Welcome! Wow, are you a sight for sore eyes, all shiny and new, unwrinkled, unblemished, full of hope and promise and expectations great and small. No pressure, but I’m expecting you to be big. I’m expecting you to be exciting. I’m expecting you to be a turning point in my life. Like I said–no pressure.
I have so many ideas for you, 2015. Like quitting sugar, for instance. Or at least cutting way, way, WAY back on my sugar intake. I’m not sure I can call it full-on quits with my sweet tooth forever and ever, but we can at least take a break. It’s part of my overall re-commitment to my health and fitness. These pounds that have crept on over the past few months aren’t going to go away by themselves, after all. And I’ve got a half-marathon coming up in March that I need to start training for, so it’s time to get serious about eating right, ditching the junk and staying on top of my running.
You’re also going to be a year of writing, both in my blog and in my personal journal. My writing has been quite sporadic of late but I’m ready to dust off the keyboard and get back to writing on a regular basis. It’s good for me. And if I’m able to provide some encouragement to a reader or two along the way, that’s great, but I really need to write for me. To remind myself of all the things that God has done and is doing in my life, all the ways He’s using me, all the times He’s comforted and provided for me at just the right time. I need those reminders.
I’ve got lots of other plans for you, too, 2015, such as taking at least one big trip this year and getting back on track with my budget and paring down my wardrobe to those items which I truly love and feel good wearing. I want to get back into a small group Bible study of some sort and spend more time fellowshipping with my friends and less time plopped in front of the TV. I want to give more money to charitable causes near and dear to my heart than ever before. I still want to be committed to excellence at my job, but when I’m away from work, I want to think about and worry about work much, much less. There is so much more to life than work, you know.

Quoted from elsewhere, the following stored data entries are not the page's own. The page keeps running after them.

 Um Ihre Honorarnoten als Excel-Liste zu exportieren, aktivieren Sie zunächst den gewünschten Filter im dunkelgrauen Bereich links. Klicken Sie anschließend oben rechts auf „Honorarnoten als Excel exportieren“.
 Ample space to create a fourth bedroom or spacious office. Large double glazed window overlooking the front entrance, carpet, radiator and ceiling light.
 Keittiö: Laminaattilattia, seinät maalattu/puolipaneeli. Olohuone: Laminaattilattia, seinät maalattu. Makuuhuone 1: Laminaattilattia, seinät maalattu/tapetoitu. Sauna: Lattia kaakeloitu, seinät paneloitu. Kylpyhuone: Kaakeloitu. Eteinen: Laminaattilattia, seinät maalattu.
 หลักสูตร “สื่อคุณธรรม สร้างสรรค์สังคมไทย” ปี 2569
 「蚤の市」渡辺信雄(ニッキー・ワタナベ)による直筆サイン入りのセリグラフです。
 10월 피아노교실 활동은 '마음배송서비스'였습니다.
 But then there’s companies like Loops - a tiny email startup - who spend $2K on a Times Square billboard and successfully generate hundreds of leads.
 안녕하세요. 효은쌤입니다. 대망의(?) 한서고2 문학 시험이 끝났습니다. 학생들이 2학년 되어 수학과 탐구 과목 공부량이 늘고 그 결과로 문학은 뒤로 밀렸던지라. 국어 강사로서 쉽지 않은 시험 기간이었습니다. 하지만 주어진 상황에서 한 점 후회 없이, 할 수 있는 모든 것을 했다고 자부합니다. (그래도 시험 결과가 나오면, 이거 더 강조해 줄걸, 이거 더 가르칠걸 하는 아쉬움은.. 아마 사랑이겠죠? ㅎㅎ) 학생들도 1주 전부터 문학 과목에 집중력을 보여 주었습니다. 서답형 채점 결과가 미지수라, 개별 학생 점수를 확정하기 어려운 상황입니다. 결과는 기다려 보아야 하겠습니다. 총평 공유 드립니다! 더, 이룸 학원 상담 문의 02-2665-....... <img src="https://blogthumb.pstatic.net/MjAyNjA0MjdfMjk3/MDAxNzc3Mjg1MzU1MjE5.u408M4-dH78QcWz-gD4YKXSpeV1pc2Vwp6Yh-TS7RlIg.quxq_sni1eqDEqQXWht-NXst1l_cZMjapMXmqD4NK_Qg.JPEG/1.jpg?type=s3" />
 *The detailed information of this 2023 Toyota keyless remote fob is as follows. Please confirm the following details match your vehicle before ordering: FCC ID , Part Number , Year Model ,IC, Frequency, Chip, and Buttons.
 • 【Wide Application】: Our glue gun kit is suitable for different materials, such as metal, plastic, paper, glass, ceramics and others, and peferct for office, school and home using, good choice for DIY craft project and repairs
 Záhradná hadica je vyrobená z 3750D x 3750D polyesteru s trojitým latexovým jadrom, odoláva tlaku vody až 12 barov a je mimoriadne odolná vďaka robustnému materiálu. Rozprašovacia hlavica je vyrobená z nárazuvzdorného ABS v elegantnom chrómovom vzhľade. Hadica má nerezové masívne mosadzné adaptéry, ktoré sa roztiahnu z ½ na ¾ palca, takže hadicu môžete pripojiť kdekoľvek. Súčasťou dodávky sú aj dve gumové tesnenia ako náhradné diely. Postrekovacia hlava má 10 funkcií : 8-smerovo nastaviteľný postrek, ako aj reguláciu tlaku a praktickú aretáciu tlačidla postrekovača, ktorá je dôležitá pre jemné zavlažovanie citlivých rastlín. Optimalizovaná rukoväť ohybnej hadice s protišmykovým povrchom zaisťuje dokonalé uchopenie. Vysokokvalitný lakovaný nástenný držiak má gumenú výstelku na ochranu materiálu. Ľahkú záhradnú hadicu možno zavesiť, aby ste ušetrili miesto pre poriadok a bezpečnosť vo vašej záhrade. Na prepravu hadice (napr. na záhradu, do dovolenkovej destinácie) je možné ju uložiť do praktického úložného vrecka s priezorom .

Most of all, 2015, I want you to be a year of BIG DREAMS. And frankly, I don’t quite know what those dreams are just yet. But I do know that too often I settle for little, puny dreams, if I bother to dream at all, because those puny dreams are rather attainable and probably won’t let me down. And dreaming big can be really hard and scary and disappointing. But I’m pretty sure that God has much more in store for me than I’ve been willing to let myself dream of, and it’s time I started expanding my boundaries when it comes to dreaming and asking and praying.